Open Qqwy opened 9 years ago

Qqwy commented 9 years ago

Hello!

I'm trying to create a simple wrapper in Node.js that people might access from over the internet to read data from the Twister network (so only the 'get' part, not the 'set'), to make, for instance, an embeddable Twister Updates widget that shows the last posts from a certain user.

What I am having trouble with, is what to do when calling a function like Twister.getUser(name).doLatestPostsUntil(), I end up with a recursive callback structure. It gets very hard to create a list from this to return to the browser. The basic example works: I push() the post to an array, and when I'm at the final post I want, I return the contents of the array to the user.

But what if I want to append the URL of the user's avatar in the results as well? I end up with recursive function calls that are very hard to understand and control.

What am I doing wrong?

Sincerely,

~Qqwy

Qqwy commented 9 years ago

Somewhat related to this: I'd like to do pagination, e.g. return only a subset of a user's posts with each request. Twister.getUser(name).doLatestPostsUntil() does not have an option to specify a starting point.

Tschaul commented 9 years ago

I plan to be compatible with https://github.com/yortus/asyncawait to avoid some of these problems. But in the end that is just syntactic sugar. I can not say when this will be implemented, i haven't looked how much of the code has to change. Also i don't know how that would work at all with nested for loops...

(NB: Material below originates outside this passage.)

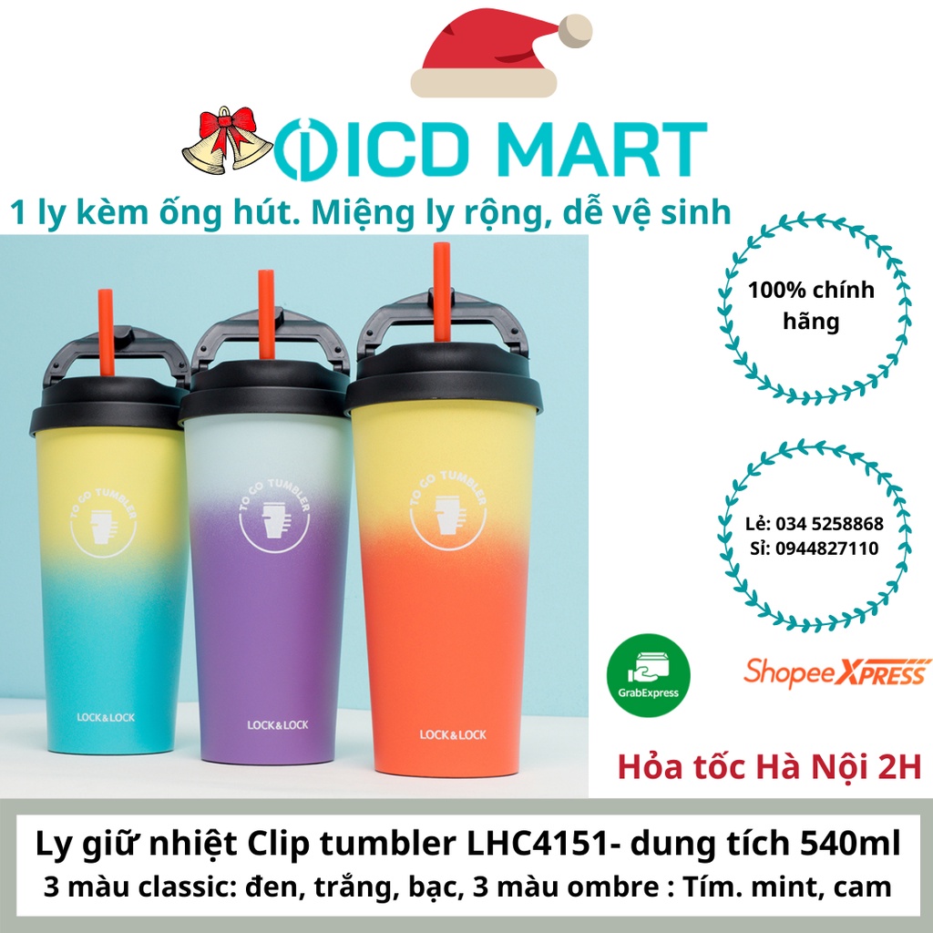 Ly Giữ Nhiệt Lock&Lock Clip Tumbler 540ml LHC4151 (5 màu)❌ Lưu ý: Nắp là dạng kẹp nên ko phù hợp để bình nằm ngang, có thể bị rò nước. SP chỉ phù hợp cầm tay và để bàn.

I found, the best way to get to readable code is slice everything down into small functions, so that you never have more than two layers of callback in one function.

The biggest problem i see for you, however, is how to know when the response object, you are pushing all the results on, is complete (all queries are done). The only thing that comes to my mind is to increment an integer for every query you issue and decrement it in the callback of the query. But then you have to check in the callback of every query whether this was the last one... ugly... It is probably best to abstract that out into a class.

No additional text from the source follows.